* What needs to be done
Your answer must be only the lines below from the one containing "Sage Green Mermaid" through the one containing "Piastrelle per Pavimenti", copied exactly, with the pictures left out.

* Entries provided
>>

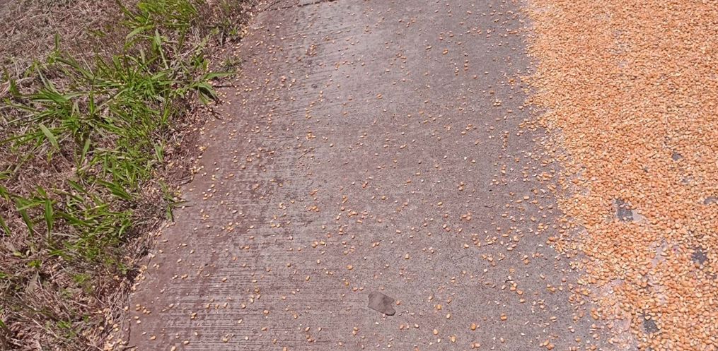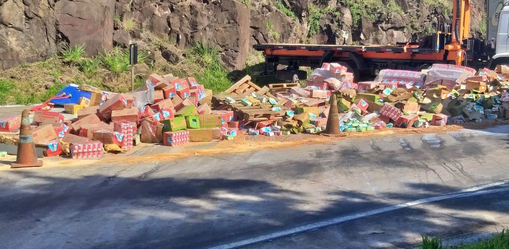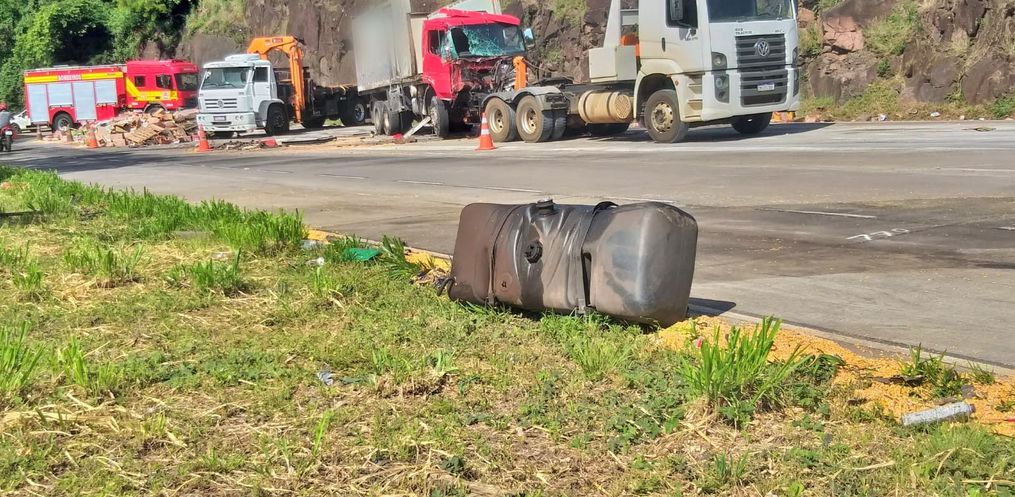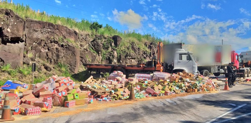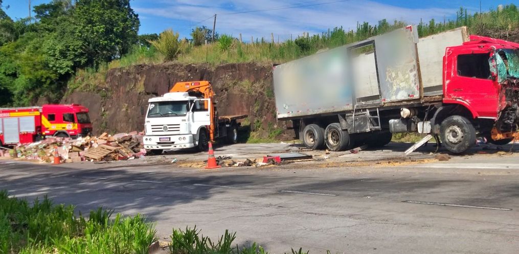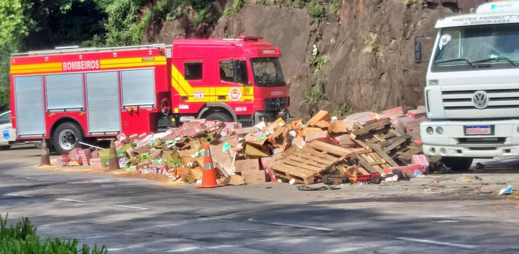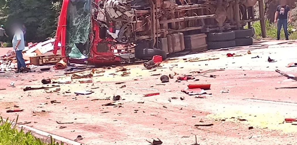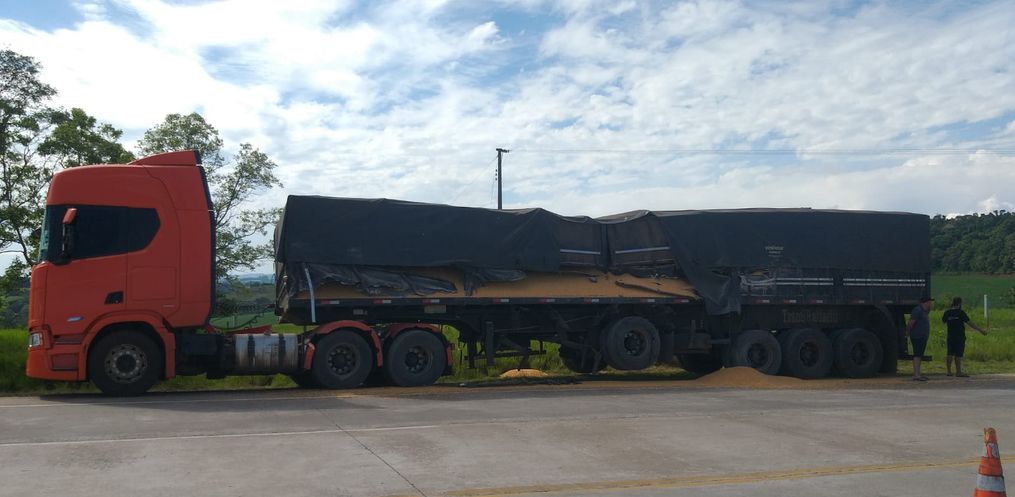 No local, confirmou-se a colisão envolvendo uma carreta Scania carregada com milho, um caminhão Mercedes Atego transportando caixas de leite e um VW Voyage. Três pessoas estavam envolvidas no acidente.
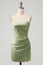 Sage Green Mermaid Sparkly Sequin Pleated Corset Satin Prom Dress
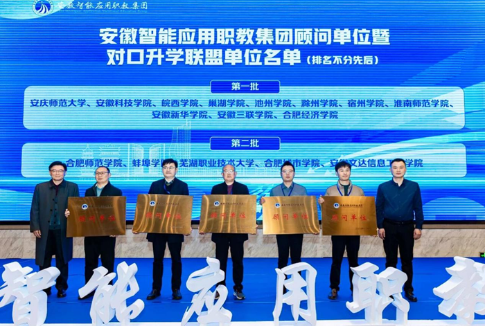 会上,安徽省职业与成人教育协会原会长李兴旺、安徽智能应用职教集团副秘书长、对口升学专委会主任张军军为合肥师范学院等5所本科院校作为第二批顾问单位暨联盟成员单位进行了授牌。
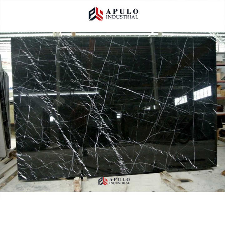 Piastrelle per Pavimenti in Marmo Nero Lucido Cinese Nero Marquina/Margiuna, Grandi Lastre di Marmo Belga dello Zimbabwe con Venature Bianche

<<
>>

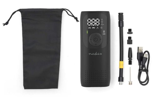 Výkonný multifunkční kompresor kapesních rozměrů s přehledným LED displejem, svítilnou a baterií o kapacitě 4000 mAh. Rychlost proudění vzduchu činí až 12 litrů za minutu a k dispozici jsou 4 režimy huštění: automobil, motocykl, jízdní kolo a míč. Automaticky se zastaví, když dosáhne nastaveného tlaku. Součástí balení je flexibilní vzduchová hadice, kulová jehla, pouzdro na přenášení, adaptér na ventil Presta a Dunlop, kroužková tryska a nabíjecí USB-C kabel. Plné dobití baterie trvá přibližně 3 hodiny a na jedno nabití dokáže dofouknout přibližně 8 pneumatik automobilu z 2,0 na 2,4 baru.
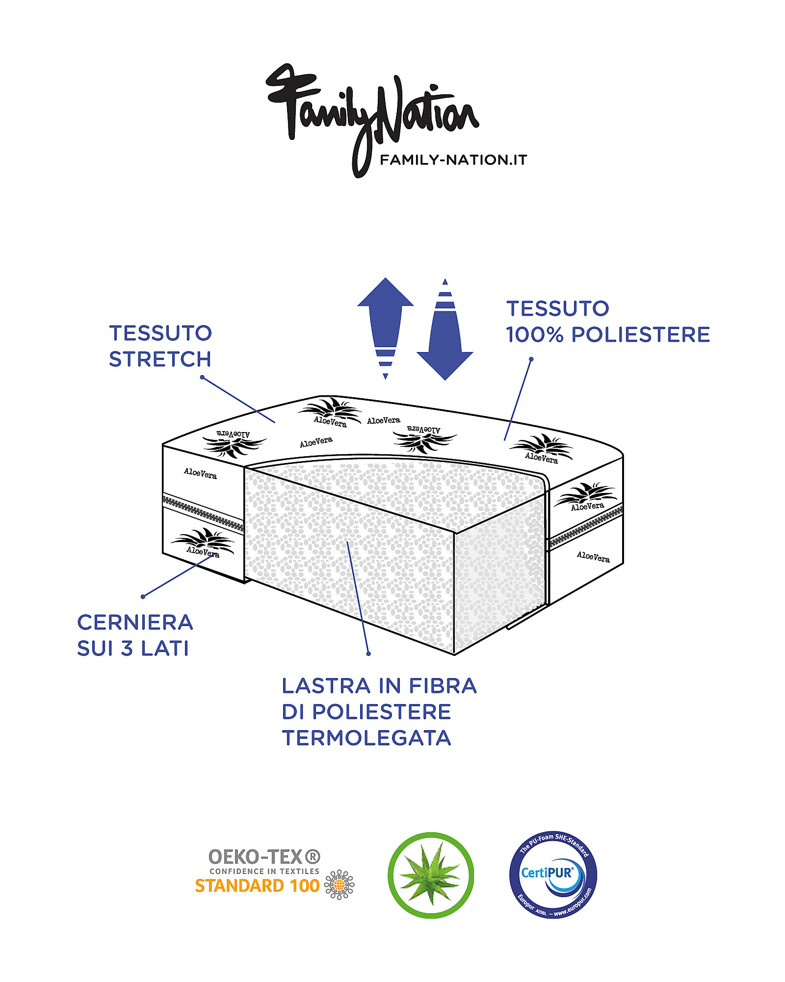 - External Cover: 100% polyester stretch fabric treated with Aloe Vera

<<

* Worked solution
 Sage Green Mermaid Sparkly Sequin Pleated Corset Satin Prom Dress
 会上,安徽省职业与成人教育协会原会长李兴旺、安徽智能应用职教集团副秘书长、对口升学专委会主任张军军为合肥师范学院等5所本科院校作为第二批顾问单位暨联盟成员单位进行了授牌。
 Piastrelle per Pavimenti in Marmo Nero Lucido Cinese Nero Marquina/Margiuna, Grandi Lastre di Marmo Belga dello Zimbabwe con Venature Bianche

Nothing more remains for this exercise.